The normalization rules are designed to prevent update anomalies and data inconsistencies. With respect to performance tradeoffs, these guidelines are biased toward the assumption that all non-key fields will be updated frequently. They tend to penalize retrieval, since data which may have been retrievable from one record in an unnormalized design may have to be retrieved from several records in the normalized form. There is no obligation to fully normalize all records when actual performance requirements are taken into account.

2 FIRST NORMAL FORM

First normal form [1] deals with the "shape" of a record type.

Under first normal form, all occurrences of a record type must contain the same number of fields.

First normal form excludes variable repeating fields and groups. This is not so much a design guideline as a matter of definition. Relational database theory doesn't deal with records having a variable number of fields.

3 SECOND AND THIRD NORMAL FORMS

Second and third normal forms [2, 3, 7] deal with the relationship between non-key and key fields.

Under second and third normal forms, a non-key field must provide a fact about the key, us the whole key, and nothing but the key. In addition, the record must satisfy first normal form.

We deal now only with "single-valued" facts. The fact could be a one-to-many relationship, such as the department of an employee, or a one-to-one relationship, such as the spouse of an employee. Thus the phrase "Y is a fact about X" signifies a one-to-one or one-to-many relationship between Y and X. In the general case, Y might consist of one or more fields, and so might X. In the following example, QUANTITY is a fact about the combination of PART and WAREHOUSE.

3.1 Second Normal Form

Second normal form is violated when a non-key field is a fact about a subset of a key. It is only relevant when the key is composite, i.e., consists of several fields.
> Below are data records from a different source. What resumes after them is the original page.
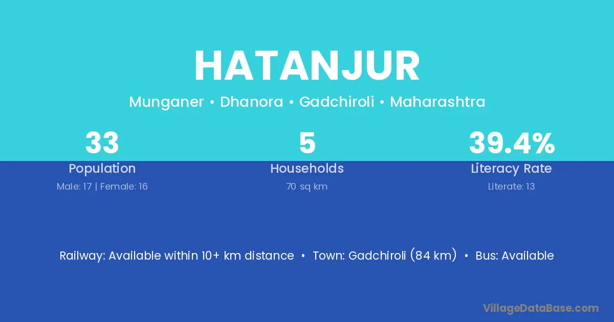 Gadchiroli (84 km) is the nearest town to Hatanjur village for major economic activities and is located approximately 84 km away.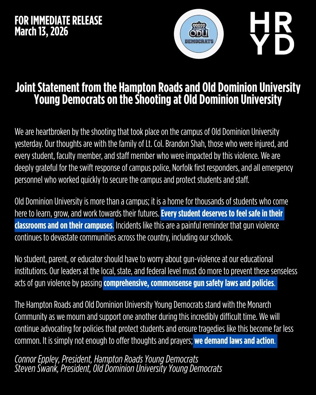 Weβre a chartered chapter of Virginia Young Dems where Young Democrats ages 13 - 35 in Hampton Roads come together to support Democratic candidates, advocate for progressive change, and make a better Hampton Roads. Our reach spans across Chesapeake, Hampton, Isle of Wight, James City, Newport News, Norfolk, Portsmouth, Suffolk, Virginia Beach, and Williamsburg.
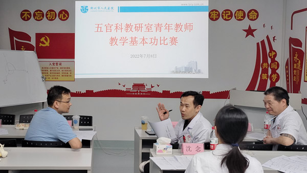 为进一步提高青年教师教学能力和水平,夯实青年教师教学基本功,提高课堂教学质量, 近日,柳州市人民医院五官科教研室2022年教学基本功比赛拉开了帷幕,前期经过各科室初赛评比,最终有5名青年教师脱颖而出,站在了决赛的赛场。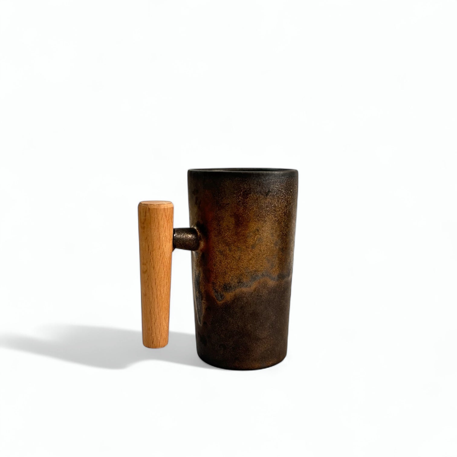 Denna unika kopp är tillverkad av högkvalitativ keramik och har ett vackert handtag av trä, som ger den en autentisk vintagekänsla. Med sitt tidlösa utseende och hantverksmässiga detaljer är denna kopp ett perfekt val för dem som uppskattar klassisk design och genuint materialval.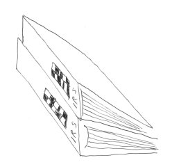 Pen on paper, 2012. I saw these books like these in a dream. Where I thought the logo should go were black and white squares.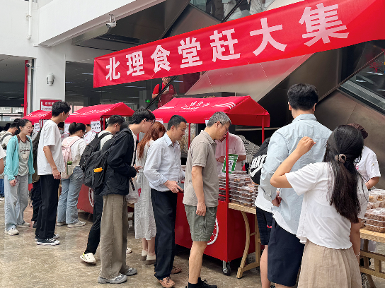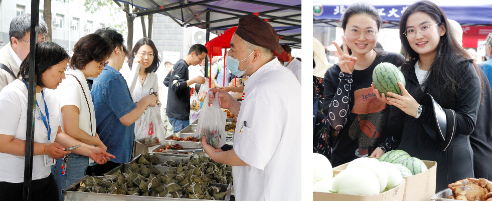 一踏入集市,粽叶的清香便扑鼻而来!北理食堂的手工粽子颗颗饱满,多种口味令人垂涎欲滴,引得师生们驻足挑选。食堂的大厨们更是大显身手,软糯香甜的蛋黄酥、辛香扑鼻的酱肘子猪蹄、金黄油亮的炸鱼……每一样都散发着诱人的光泽,让人挪不开眼。还有水灵饱满的瓜果蔬菜、新鲜的肉类,码放得整整齐齐,让你轻松备齐端午家宴!师生们穿梭其间,满载而归。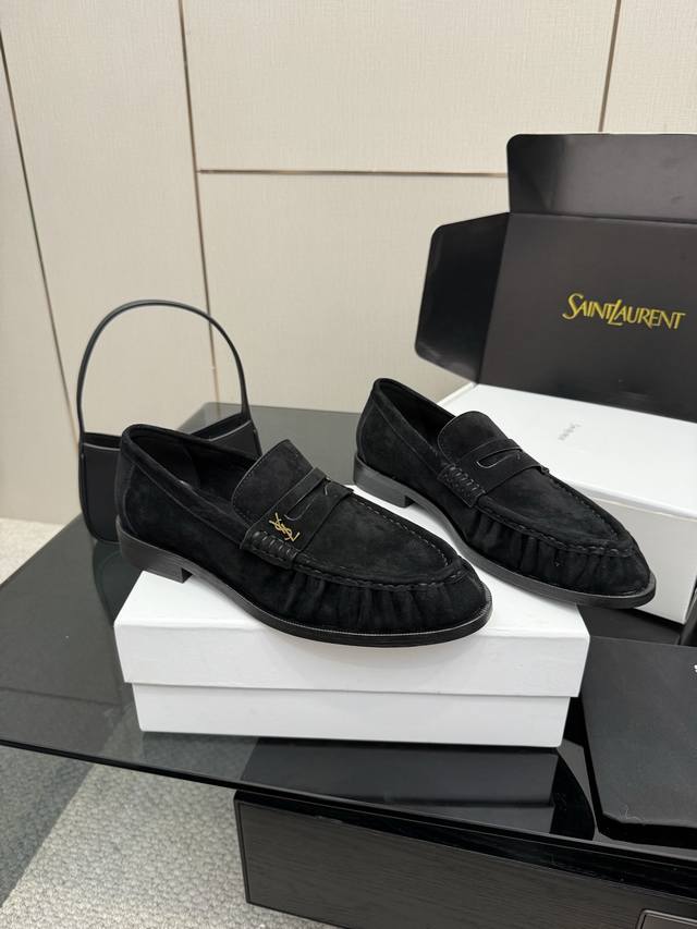 女码: 男码:350 Saint Lauren*Ysl圣罗兰25Ss新品 Ysl小Logo乐福鞋单鞋 标志性的小Logo是这双鞋的灵魂所在 以低调而精致的姿态呈

Consider the following inventory record:

---------------------------------------------------
| PART | WAREHOUSE | QUANTITY | WAREHOUSE-ADDRESS |
====================-------------------------------

The key here consists of the PART and WAREHOUSE fields together, but WAREHOUSE-ADDRESS is a fact about the WAREHOUSE alone. The basic problems with this design are:

• The warehouse address is repeated in every record that refers to a part stored in that warehouse.
• If the address of the warehouse changes, every record referring to a part stored in that warehouse must be updated.
• Because of the redundancy, the data might become inconsistent, with different records showing different addresses for the same warehouse.
• If at some point in time there are no parts stored in the warehouse, there may be no record in which to keep the warehouse's address.

To satisfy second normal form, the record shown above should be decomposed into (replaced by) the two records:

-------------------------------  ---------------------------------
| PART | WAREHOUSE | QUANTITY |  | WAREHOUSE | WAREHOUSE-ADDRESS |
====================-----------  =============--------------------

When a data design is changed in this way, replacing unnormalized records with normalized records, the process is referred to as normalization. The term "normalization" is sometimes used relative to a particular normal form. Thus a set of records may be normalized with respect to second normal form but not with respect to third.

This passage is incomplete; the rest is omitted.